You should consult your own tax advisors regarding our classification as a PFIC for 2023, 2024 or in the current or future years.
If we are classified as a PFIC, and you do not make a mark-to-market election, as described in the following paragraph, you will be subject to a special tax at ordinary income tax rates on “excess distributions” (generally, any distributions that you receive in a taxable year that are greater than 125 percent of the average annual distributions that you have received in the preceding three taxable years, or your holding period, if shorter), including gain that you recognize on the sale of your common shares or ADSs. The amount of income tax on any excess distributions will be increased by an interest charge to compensate for tax deferral, calculated as if the excess distributions were earned ratably over the period you hold your common shares or ADSs. Classification as a PFIC may also have other adverse tax consequences, including, in the case of individuals, the denial of a step-up in the basis of your common shares or ADSs at death.

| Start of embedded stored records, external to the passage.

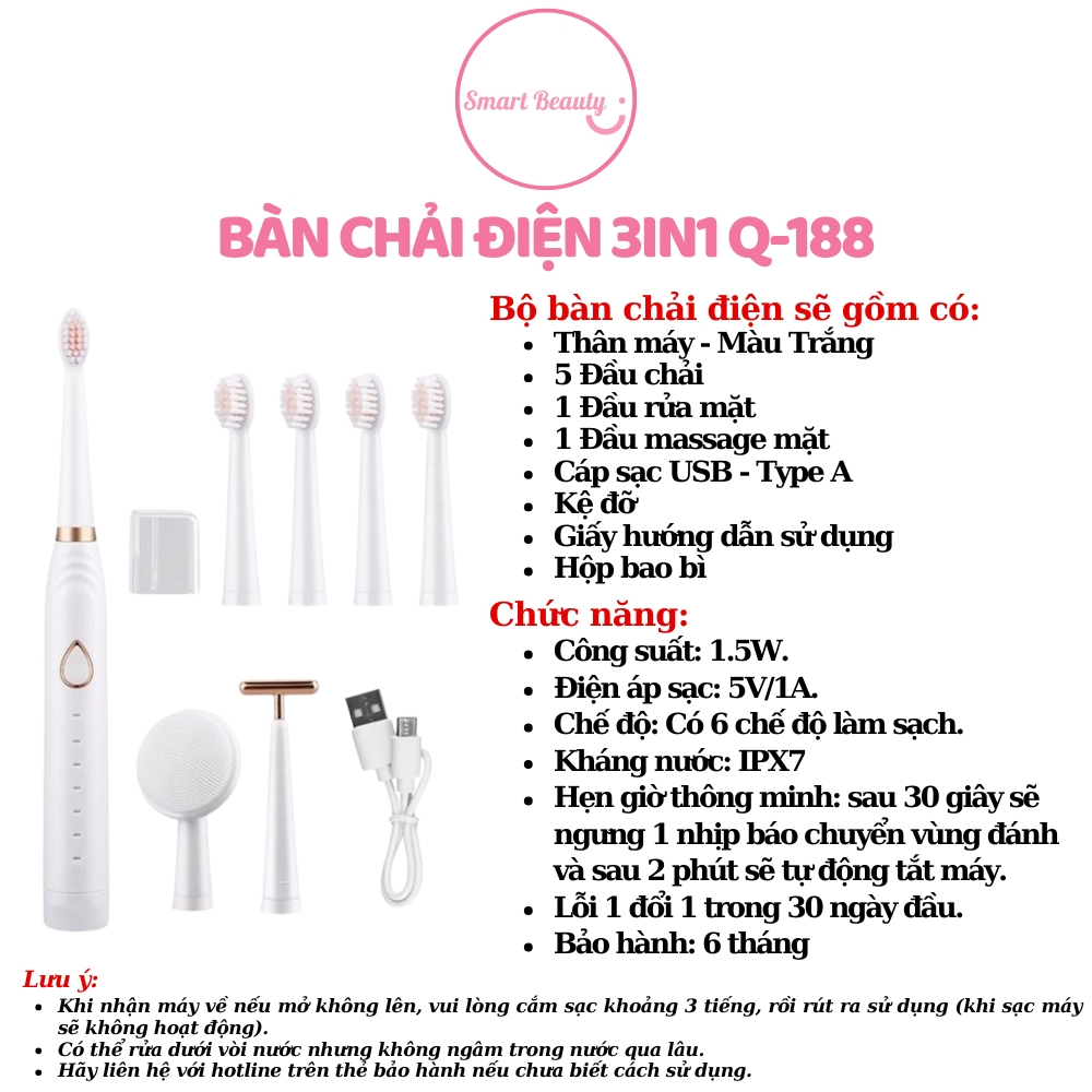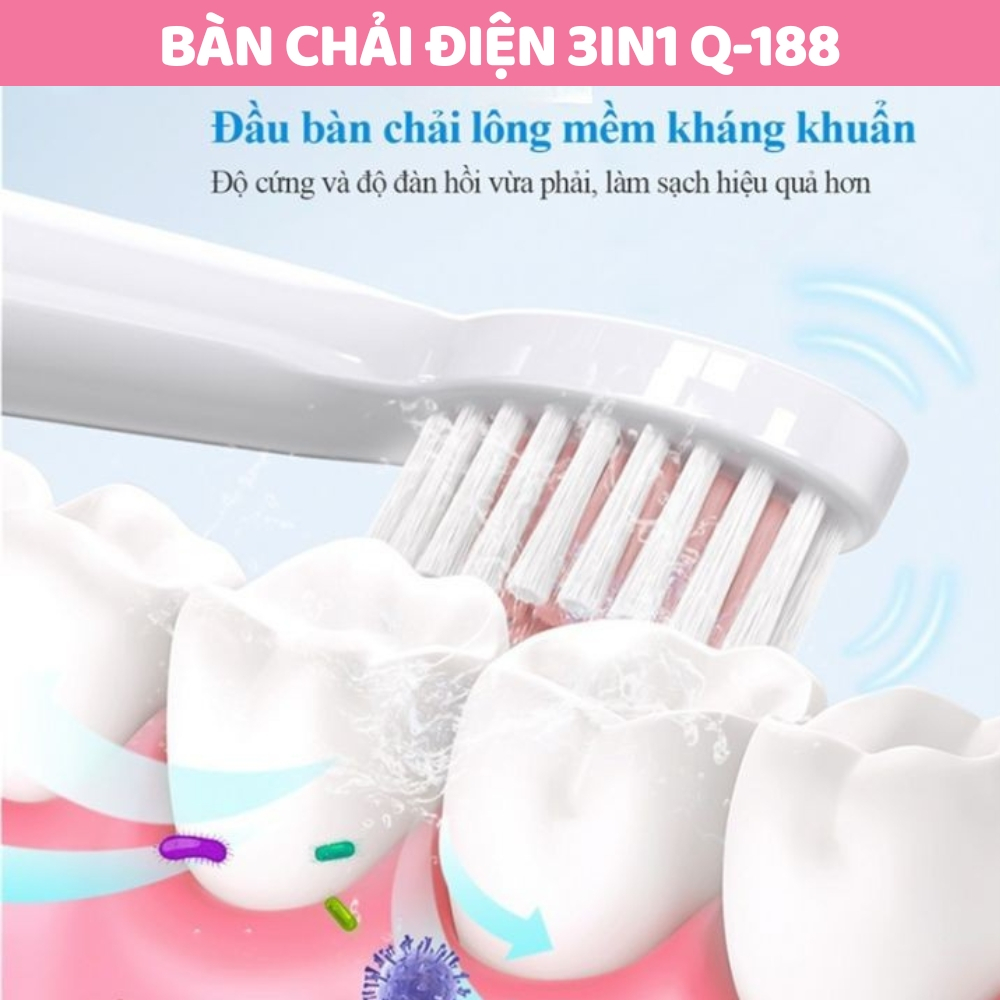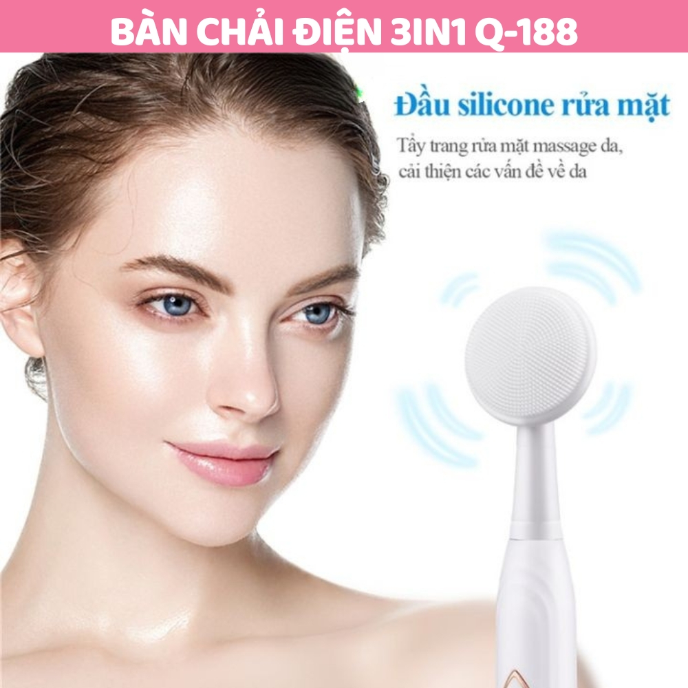 Bàn chải điện Q-188, Bàn chải 3in1 kết hợp máy rửa mặt kèm mát xa mặt, kháng nước IPX7, Đổi Mới 30 Ngày Đầu, Tặng kệ đỡ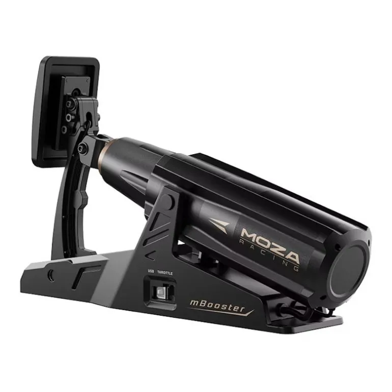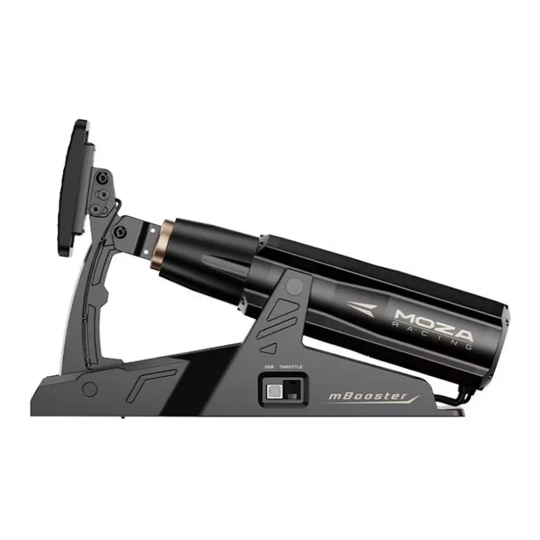 Los pedales MOZA mBooster se pueden conectar directamente a su PC, lo que los hace compatibles con cualquier configuración de carrera.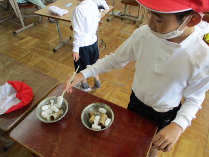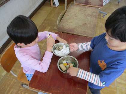授業と授業の合間、少し友だちを待っている間に、「わりばしでつまんで移し替えゲーム」にチャレンジする子どもたち。

Although the determination of whether we are a PFIC is made annually, if we are a PFIC for any taxable year during which a U.S. holder holds our common shares or ADSs, such U.S. holder will generally be subject to the unfavorable rules described above for that year and for each subsequent year in which such U.S. holder holds the common shares or ADSs (even if we do not qualify as a PFIC in such subsequent years). However, if we cease to be a PFIC, a U.S. holder can avoid the continuing impact of the PFIC rules by making a special election to recognize gain as if such U.S. holder’s common shares or ADSs had been sold on the last day of the last taxable year during which we were a PFIC.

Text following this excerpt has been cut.